#### [What you should do]
When you write out the listing below, keep each word exactly as it stands and drop the pictures.

#### [Provided data]
☆ ☆ ☆
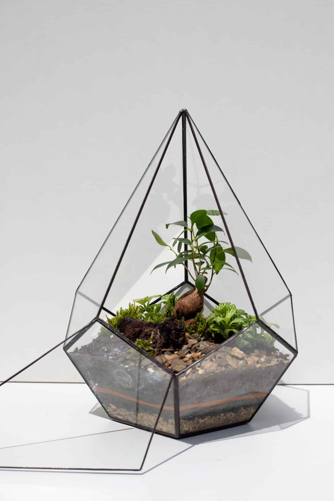 Všetky rastlinné teráriá vznikajú v našej dielni ručným procesom, preto je každý kus originálom. Sklá spájame pomocou vitrážnej techniky Tiffany, ktorá sa bežne využíva pri výrobe umeleckých vitráží. Tento tradičný spôsob výroby zaručuje nielen estetickú hodnotu, ale aj dlhú životnosť florária. Rastlinné terárium vytvára pevnú, elegantnú konštrukciu so zemitým kovovým rámom, ktorá pôsobí ako dizajnový šperk a oživuje každý priestor – od moderného interiéru cez kanceláriu až po útulnú domácnosť.
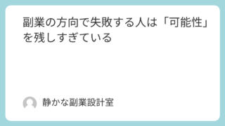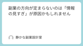 副業を始めたいと思っても、・何をやればいいのか分からない・選択肢が多すぎて決められない・決めても不安になってしまうこのように、方向が定まらない状態で止まってしまう人は少なくありません。多くの場合、その原因は、情報不足努力不足能力不足ではあり...
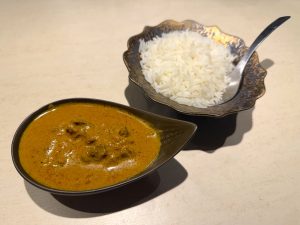 2階建てのお店は1階がカウンター、2階がテーブル席。若くておしゃれな雰囲気の3人の男性がお店を切り盛りしています。レギュラーメニューは「マトンキーマカレー」と「バターチキンカレー」。この日はスペシャルメニューとして「ポークカレー」もあり、それぞれあいがけも可能ということだったので、「マトンキーマとポークのあいがけ」1,200円をオーダーしました。
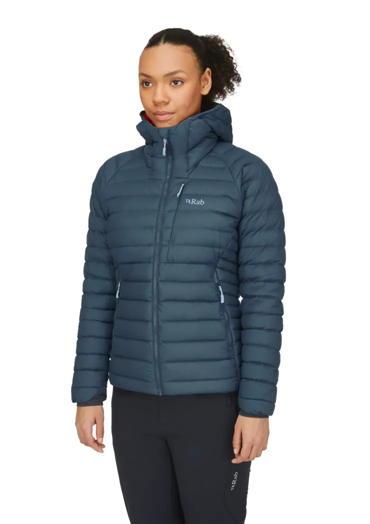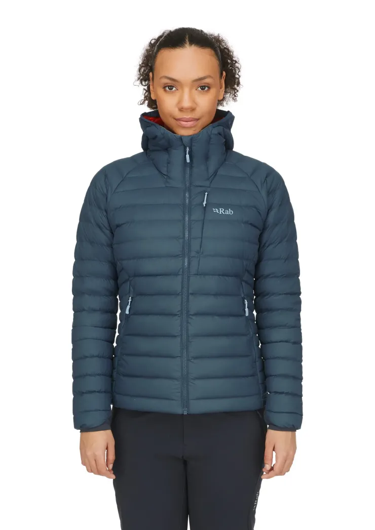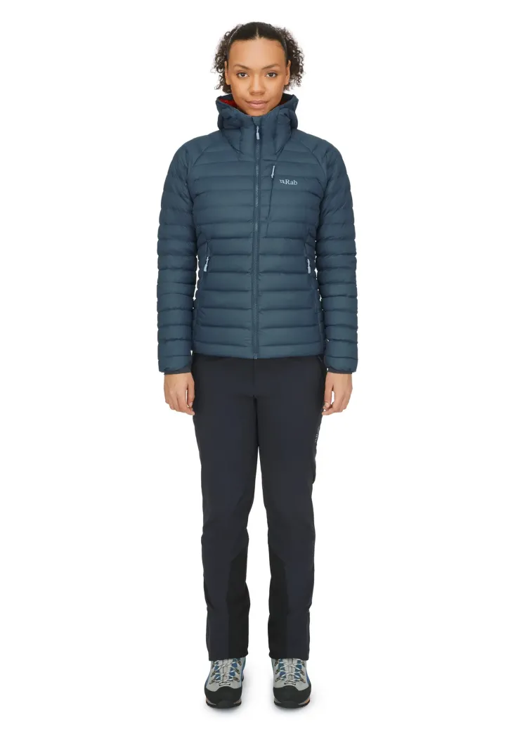 This outer fabric is super lightweight with impressive weather protection, coping with light snow, spin drift and moisture. It is exceptionally breathable and soft to the touch, offering a quiet and comfortable hooded down jacket for all mountain activities.Built with zoned micro and nano baffles, the 700FP P.U.R.E recycled down has been body mapped to optimise warmth and breathability where you need it. Suitable for hiking, scrambling, and climbing adventures, it has a slim, active fit and a warm, helmet compatible, down filled hood with a stiffened peak for complete protection. It has elasticated cuffs for a seamless fit with gloves, a full length, durable front zip, a concealed chest pocket and two hand pockets, with YKK® zips throughout. Highly compressible, the Infinity Microlight can be packed down easily into your pack to be pulled out when the temperature drops.
☆ ☆ ☆
#### [Problem solution]
 Všetky rastlinné teráriá vznikajú v našej dielni ručným procesom, preto je každý kus originálom. Sklá spájame pomocou vitrážnej techniky Tiffany, ktorá sa bežne využíva pri výrobe umeleckých vitráží. Tento tradičný spôsob výroby zaručuje nielen estetickú hodnotu, ale aj dlhú životnosť florária. Rastlinné terárium vytvára pevnú, elegantnú konštrukciu so zemitým kovovým rámom, ktorá pôsobí ako dizajnový šperk a oživuje každý priestor – od moderného interiéru cez kanceláriu až po útulnú domácnosť.
 副業を始めたいと思っても、・何をやればいいのか分からない・選択肢が多すぎて決められない・決めても不安になってしまうこのように、方向が定まらない状態で止まってしまう人は少なくありません。多くの場合、その原因は、情報不足努力不足能力不足ではあり...
 2階建てのお店は1階がカウンター、2階がテーブル席。若くておしゃれな雰囲気の3人の男性がお店を切り盛りしています。レギュラーメニューは「マトンキーマカレー」と「バターチキンカレー」。この日はスペシャルメニューとして「ポークカレー」もあり、それぞれあいがけも可能ということだったので、「マトンキーマとポークのあいがけ」1,200円をオーダーしました。
 This outer fabric is super lightweight with impressive weather protection, coping with light snow, spin drift and moisture. It is exceptionally breathable and soft to the touch, offering a quiet and comfortable hooded down jacket for all mountain activities.Built with zoned micro and nano baffles, the 700FP P.U.R.E recycled down has been body mapped to optimise warmth and breathability where you need it. Suitable for hiking, scrambling, and climbing adventures, it has a slim, active fit and a warm, helmet compatible, down filled hood with a stiffened peak for complete protection. It has elasticated cuffs for a seamless fit with gloves, a full length, durable front zip, a concealed chest pocket and two hand pockets, with YKK® zips throughout. Highly compressible, the Infinity Microlight can be packed down easily into your pack to be pulled out when the temperature drops.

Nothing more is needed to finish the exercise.